*Dataset records*:
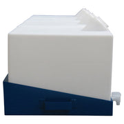 15 gallon capacity Rack Tanks feature a sloped bottom for efficient gravity feed dispense. The 15 gallon tanks are manufactured from UL Rated food-grade polyethylene with a 2" angled fill port designed for easy fill. The front of each tank has two molded inserts for both placard insertion for labeling fluids and to secure the standard aluminum handles. The translucent tanks display interior fluid levels, and come standard with aluminum handles for ergonomic transport and with a 3/4" polyethylene valve.
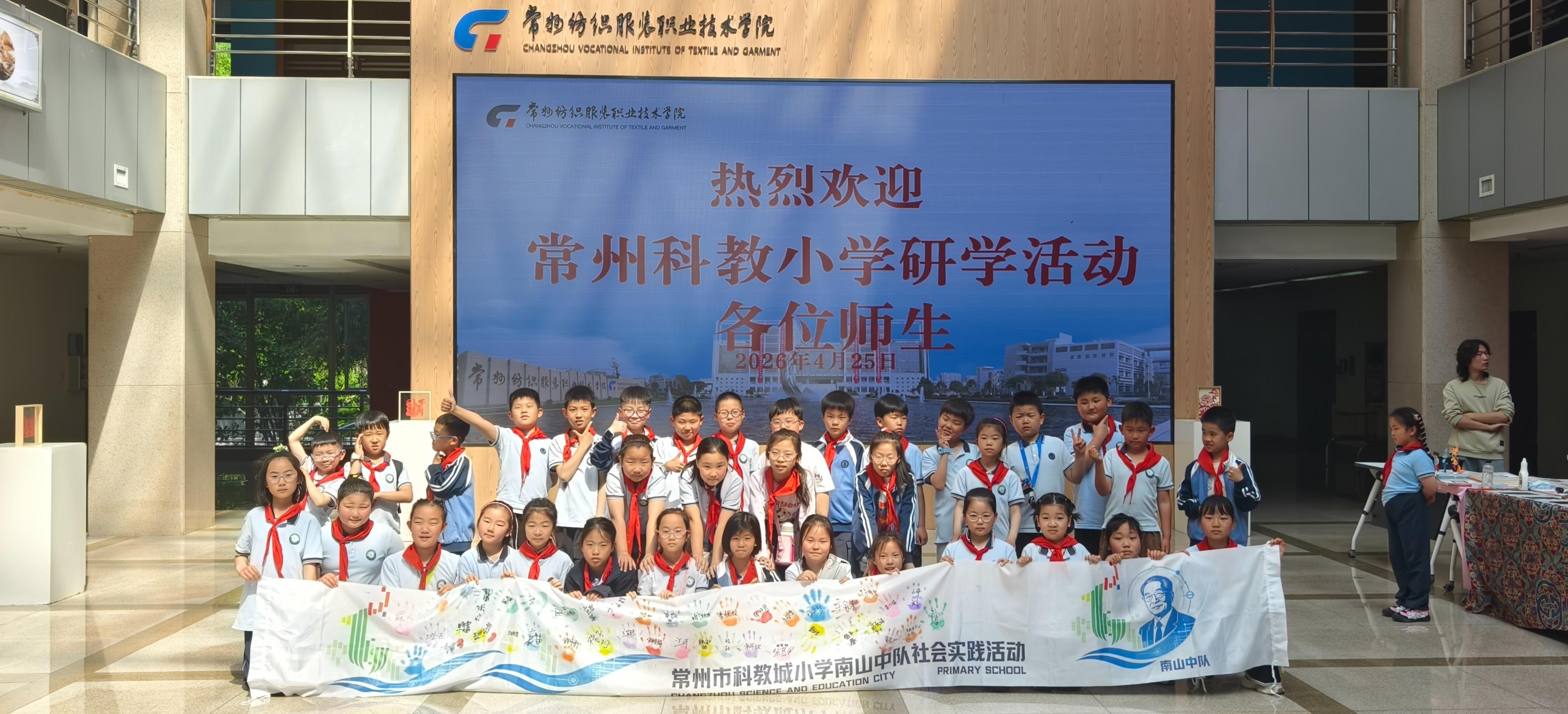 4月25日至26日,科教城小学组织三年级4个班级共100名学生,分两批走进常州纺织服装职业技术学院,开展为期半天的研学实践活动。本次活动以“探寻纺织起源,传承匠心文化”为主题,通过参观体验与动手实践相结合的方式,让孩子们近距离感受纺织科技与非遗技艺的魅力。
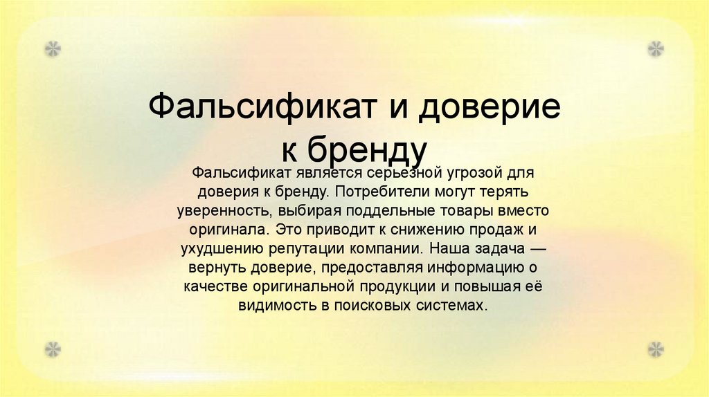 Как защитим брендСистемная работа с фальсификатом и негативом
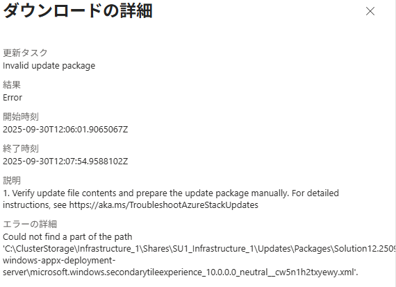 1. Verify update file contents and prepare the update package manually. For detailed instructions, see https://aka.ms/TroubleshootAzureStackUpdatesエラーの詳細
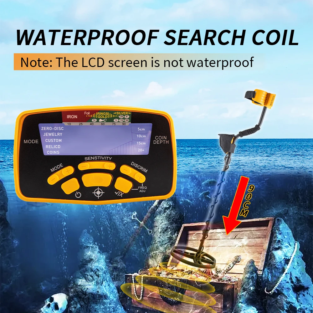 1, MD-6450 Underground Metal Detector Gold Digger Treasure Hunter updated version of MD-6350 Professional Detecting Equipment with backup light and digital display.
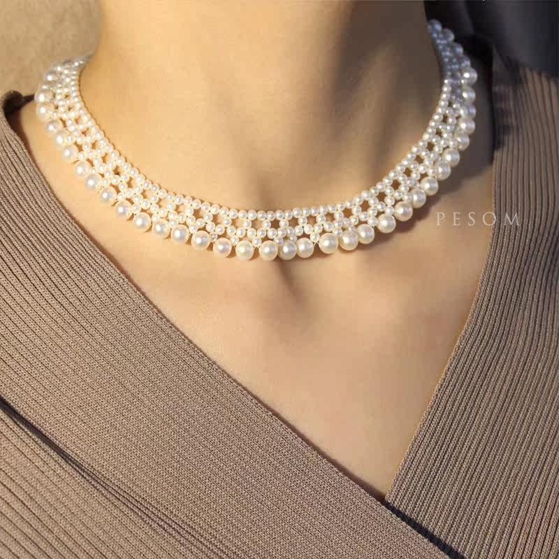 Натуральное ожерелье из жемчуга ручной работы, плетеная элегантная цепочка
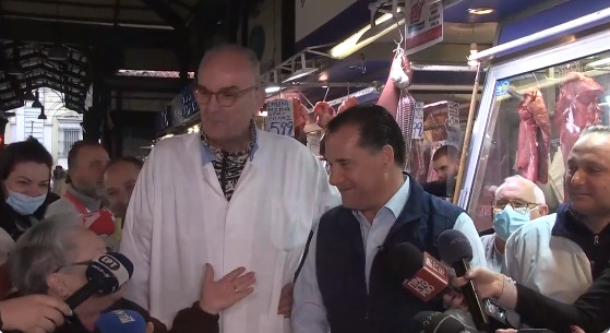 Με πολύ γλυκά λόγια μίλησε μια ηλικιωμένη κυρία στον Άδωνι Γεωργιάδη, με τον οποίο συναντήθηκε το πρωί της Μεγάλης Τρίτης στη Βαρβάκειο.
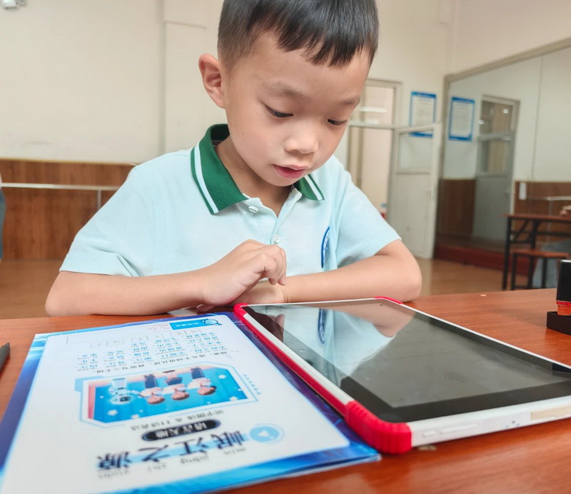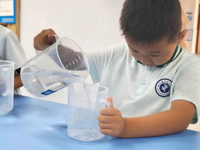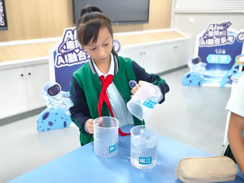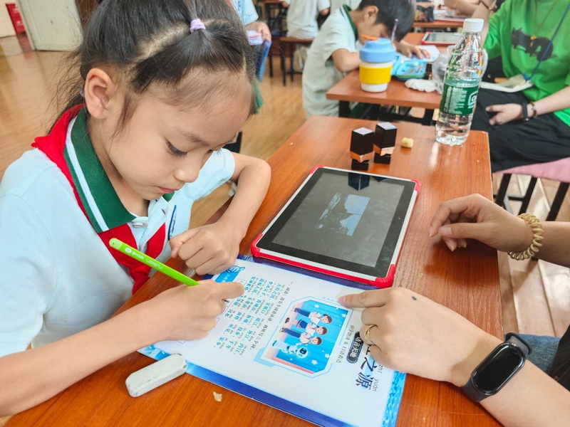 In the "Water Flow Mental Arithmetic" zone, the kids, like young hydrologists, raced to solve arithmetic problems, with the Doubao Intelligent Agent Mini Program judging results in seconds. At "Water Distribution Steward," they picked up rulers to carefully measure the length of "water distribution models" and compare the capacities of different containers. Math was no longer just numbers on paper—it became a practical skill for solving "water distribution puzzles"!
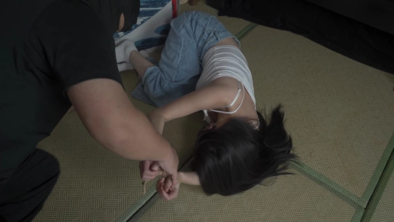 穿着牛仔裤的邻家小姐嗷嗷被跟踪者午夜抓回到房间中玩弄的蜷缩抽搐,
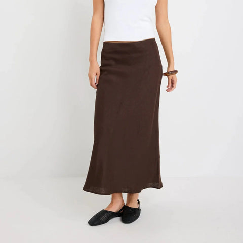 The Bliss Linen Bias Midi Skirt from Re:Union Label is your effortlessly elegant wardrobe staple, designed for comfort and timeless style. Crafted in 100% linen with a flattering bias cut and soft elasticated waist, it drapes beautifully and moves with you through every part of your day. Whether you're heading to the office, brunching with friends, or dressing up for dinner, this versatile piece makes every outfit feel elevated.
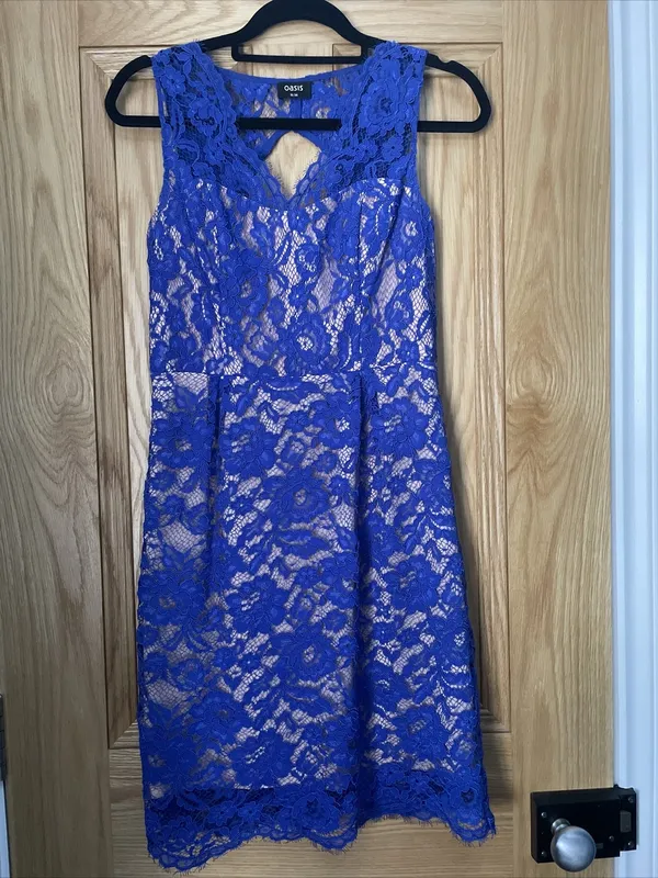 Платье oasis синее с кружевом гипюром , размер 46 для свадьбы, вечеринки

*Exercise prompt*: Where a picture appears in the records above, omit it, and transcribe exactly the stretch of lines from the one with "Как защитим брендСистемная" through the one with "Με πολύ γλυκά".

*Written solution*:
 Как защитим брендСистемная работа с фальсификатом и негативом
 1. Verify update file contents and prepare the update package manually. For detailed instructions, see https://aka.ms/TroubleshootAzureStackUpdatesエラーの詳細
 1, MD-6450 Underground Metal Detector Gold Digger Treasure Hunter updated version of MD-6350 Professional Detecting Equipment with backup light and digital display.
 Натуральное ожерелье из жемчуга ручной работы, плетеная элегантная цепочка
 Με πολύ γλυκά λόγια μίλησε μια ηλικιωμένη κυρία στον Άδωνι Γεωργιάδη, με τον οποίο συναντήθηκε το πρωί της Μεγάλης Τρίτης στη Βαρβάκειο.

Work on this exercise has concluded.